| Fry-Lib-BioPerl documentation | Contained in the Fry-Lib-BioPerl distribution. |
Fry::Lib::BioPerl - Commandline enables common tasks for sequence and alignment objects for Bio::Perl modules.
The main point of this library is to view,retrieve and create sequences and alignments. All objects created are indexed by the shell as Fry::Obj objects. See Fry::Lib::Default for commands that you can perform on these objects.
Sequence and alignment objects created are automatically named with an abbreviation followed by an incremental number ie seq1 and seq2 for sequences and aln1 and aln2 for alignments.

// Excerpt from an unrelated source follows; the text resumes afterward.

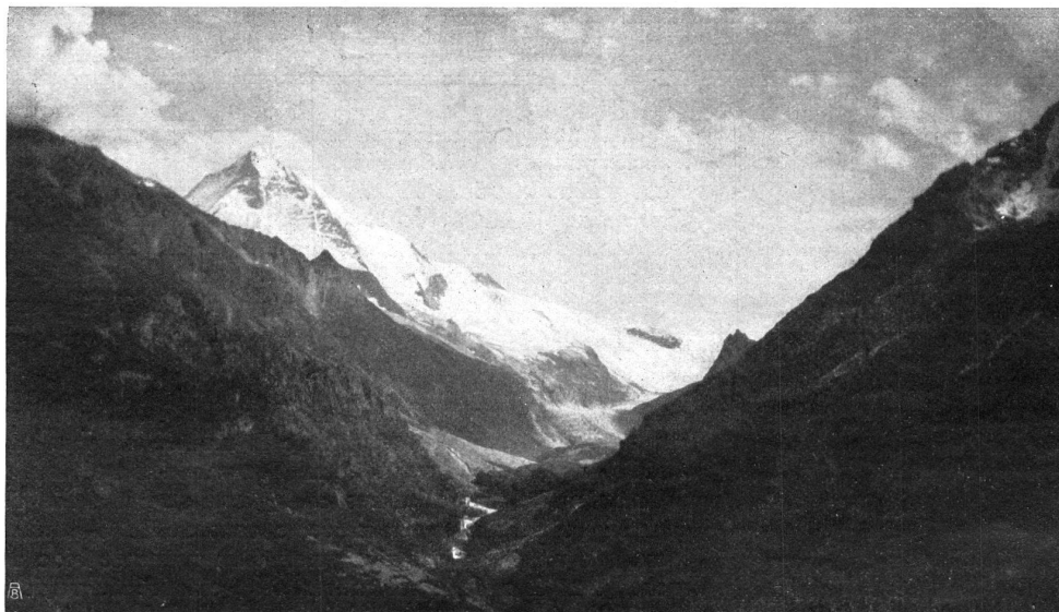
Fig. 3. Le glacier de Ferpècle et l'Alpe de Bricolla. Abb. 3. Blick auf den Gletscher Ferpècle und Alpe de Bricolla.

Mais avant de se reposer dans d'excellents hôtels, — car il n'y a pas seulement des chalets à Arolla, — reportons un peu nos yeux sur ces belles forêts d'arolles (fig. 13 et 14, p. 46 et 47), et admirons la belle nature. —

Not all classes have unique objects. Bio::DB::GenBank only has one object and its getSeqById command assume this. This can of course be changed. Classes that have commands to create and index more than one of its objects are Bio::Seq derived classes, Bio::SimpleAlign, Bio::SeqIO and Bio::AlignIO.
To load this library read the Using Libraries subsection of Fry::Shell.
After loading this library, &_initLib will be called. This creates a Bio::SeqIO object for sequence output, a Bio::AlignIO for alignment output and reads in a sequence file to create Bio::Seq::RichSeq objects. The default sequence file assumes you're in the installation directory of a bio-perl bundle since it uses a file in t/. If any one the default actions don't work, just comment it out in &_initLib.
You should install the bioperl-1.4 bundle. Time::HiRes and the bioperl-run bundle are used by some of the commands but comment them out if you don't have them and want to try other commands.
Note: Brief explanation of what some names mean in a command's usage: seq- sequence object or its Fry::Obj id aln- a Bio::SimpleAlign object or its Fry::Obj id seqio- Bio::SeqIO object or its Fry::Obj id alnio- a Bio::AlignIO object or its Fry::Obj id Constructors: Creates objects to be used by other commands readSeq($file,$format,$object_name): Reads a sequence file, creates a Bio::SeqIO object and then creates and indexes its sequence objects. readAln($file,$format,$object_name): Reads an alignment file, creates a Bio::AlignIO object and then creates and indexes its alignment objects. startClustalw(%options): Creates a Bio::Tools::Run::Alignment::ClustalW object with given options. Default options are specified by %clustal_params. startTCoffee(%options): Creates a Bio::Tools::Run::Alignment::TCoffee object with given options. Default options are specified by %tcoffee_params. startDB(%options): Creates a Bio::DB::GenBank object with given options. Default options are defined by %db_genbank_params. IO alnioFormat($format): Changes format of alignment output. seqioFormat($format): Changes format of sequence output. Sequence based listSeqs($seqio): Displays sequence ids belonging to a file. writeSeq(@seq): Displays sequences via SeqIO. `listSeqs seq1 seq3` translateSeq($seq): Translates sequence, creating new sequence object. revcomSeq($seq): Reverse complements sequence, creating new sequence object. getSeqById($id): Calls &get_Seq_by_id on a Bio::DB::GenBank object to retrieve a sequence. General Alignment writeAln(@aln): Displays alignments via AlignIO. displayAln(@aln): Custom display of alignments. getAlnSeqs(@aln): Creates sequence objects from alignment objects. Alignment Special Alignment clustalAlign(@seq): Calls &align on ClustalW object, creating an alignment object. tcoffeeAlign(@seq): Calls &align on TCoffee object, creating an alignment object. compareAlign(@seq): Times alignments made by TCoffee and ClustalW and displays resulting alignments. Other libCmdAttr($cmd_attribute): See a command attribute for only :BioPerl commands.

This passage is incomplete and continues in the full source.